The pain subsided, but Owens still hurts. “I always tell people April 15th, 2005 at 4:30 pm was the last pain-free day I have ever experienced in my life,” he said. “Since that point, I’ve had pain — it’s constant and never stops.”
Struggling with media attention
In 1975, Bruce Johnson was a graduate student studying multivariate statistics when a fellow classmate opened fire, hitting him in the right shoulder.
“I was on a stretcher being carried out of the building I was shot in, my shirt was off, and there was a camera in my face. I flipped the camera guy the bird. I never got my picture in the paper,” Johnson said with a chuckle. He said the reporters didn’t stop pursuing him. “The media then even got ahold of me when I was in the E.R. I got 10 doctors working on me and they found a way.”
Seeing threats in everyday life
“In the beginning, anything frightens you,” said Satedra Smith, wounded by random gunfire on a porch step in Chattanooga, Tennessee, in 1999. “One thing I was thinking, I’m never gonna wanna drive, I’m never gonna wanna go outside. It really causes a blockage of the mind, an insecurity, because you don’t know if it could happen again to you or anybody around you.”
Joshua Stepakoff was injured at a Jewish community center in 1999. Just 6 years old at the time, Stepakoff developed severe anxiety attacks. Unable to bear being away from his parents, he couldn’t spend the night at friends’ houses. But even when he was home, everyday noises would terrorize him.
“There were just so many triggers in everyday life that would set me off,” he said. “The sounds of helicopters, sirens, the sight of police officers, the sight of fire trucks, anything with flashing lights, loud noises. I would run around the house, lock all the doors, close all the blinds, and start blasting music so I could drown it out. That was pretty intrusive for the rest of my family, when I would close down the house.”
Feeling lonely and isolated
Layla Bush was shot twice in 2006 when a gunman entered the Seattle Jewish Federation, where she was working as a receptionist. She awoke in the hospital weeks later to learn that one of her co-workers had died, and that she had missed the burial.

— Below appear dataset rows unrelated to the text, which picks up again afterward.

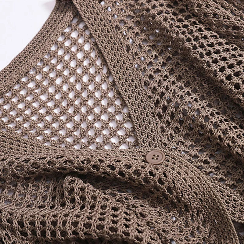 Stay cool and stylish with our Women's Versatile Hollow Out Cardigan! Perfect for summer, its mesh fabric and loose fit provide comfort and a breezy feel. With a trendy V-neck and button detailing, it's the perfect lazy day top. Protection from the sun? Check. Versatility? Check. Fashion? Double check.
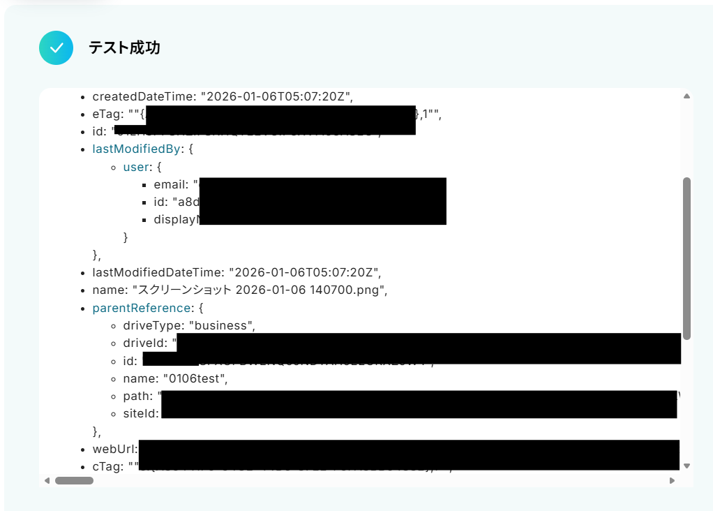 トリガーやオペレーション設定時に、「テスト」を実行して取得した値のことを指します。
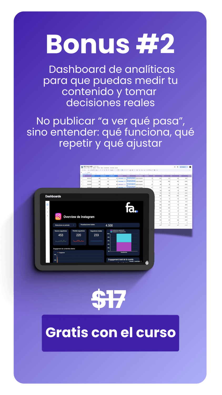 Después de analizar cuentas que realmente crecen, estudiar contenidos que generan comunidad y ventas, y usar la misma estrategia que me permitió construir comunidades de +500K y +100k y facturar +$1M USD en los últimos 3 años

“I felt so alone in my mourning, both for her and for the shooting in general because everyone else had already gone through the process,” Bush wrote in an email. “The severity of my injuries meant I was left feeling isolated, even though I was one of five GSW (gunshot wound) survivors, not to mention my many uninjured co-workers who also struggled with the trauma of the shooting. Sometimes not being able to go through that process at the same time as others because of serious physical injury is it’s own kind of unique and very lonely trauma.”
Realizing that this is just the beginning of a long medical journey
All the survivors who spoke to The Trace said their recovery process was just beginning in those first few days. Physical therapy, subsequent surgeries, and infections lay ahead. Bush said she developed a rare lung infection. Owens had to relearn to walk and familiarize himself with using a wheelchair, which he still uses regularly.

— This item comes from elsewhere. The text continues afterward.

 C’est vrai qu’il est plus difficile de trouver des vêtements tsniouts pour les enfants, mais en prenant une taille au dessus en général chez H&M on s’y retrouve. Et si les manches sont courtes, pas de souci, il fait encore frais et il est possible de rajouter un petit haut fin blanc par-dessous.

“It was a year of, honestly, hell,” Sherman said. “A horrible year of antidepressant medication and painkillers and infections. People told me it was the infection that could kill me, not really the bullet.”

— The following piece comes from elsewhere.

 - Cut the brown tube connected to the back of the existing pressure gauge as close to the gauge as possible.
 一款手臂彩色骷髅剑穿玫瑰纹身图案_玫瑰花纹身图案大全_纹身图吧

Johnson considers himself lucky. After three major surgeries and a year and a half of physical therapy, he still has only 50 percent range of motion in his arm. “My right shoulder is an inch and a half lower than it should be,” he said. “I can’t lift things. It kind of ticked me off when my daughter was born and I couldn’t really pick her up.”
Owens said that, for him, the pain and despair gradually faded. “When you’re by yourself at the hospital, it can be rough at times,” he said. “You’re lying there and you can’t get out of bed and you’re hooked to a bunch of tubes. You end up feeling sorry for yourself, ‘why me?’, the whole bit. But once I got home and started to get into some routine, started experiencing some nice things — being outside on a nice day, going to a park — then you feel better.”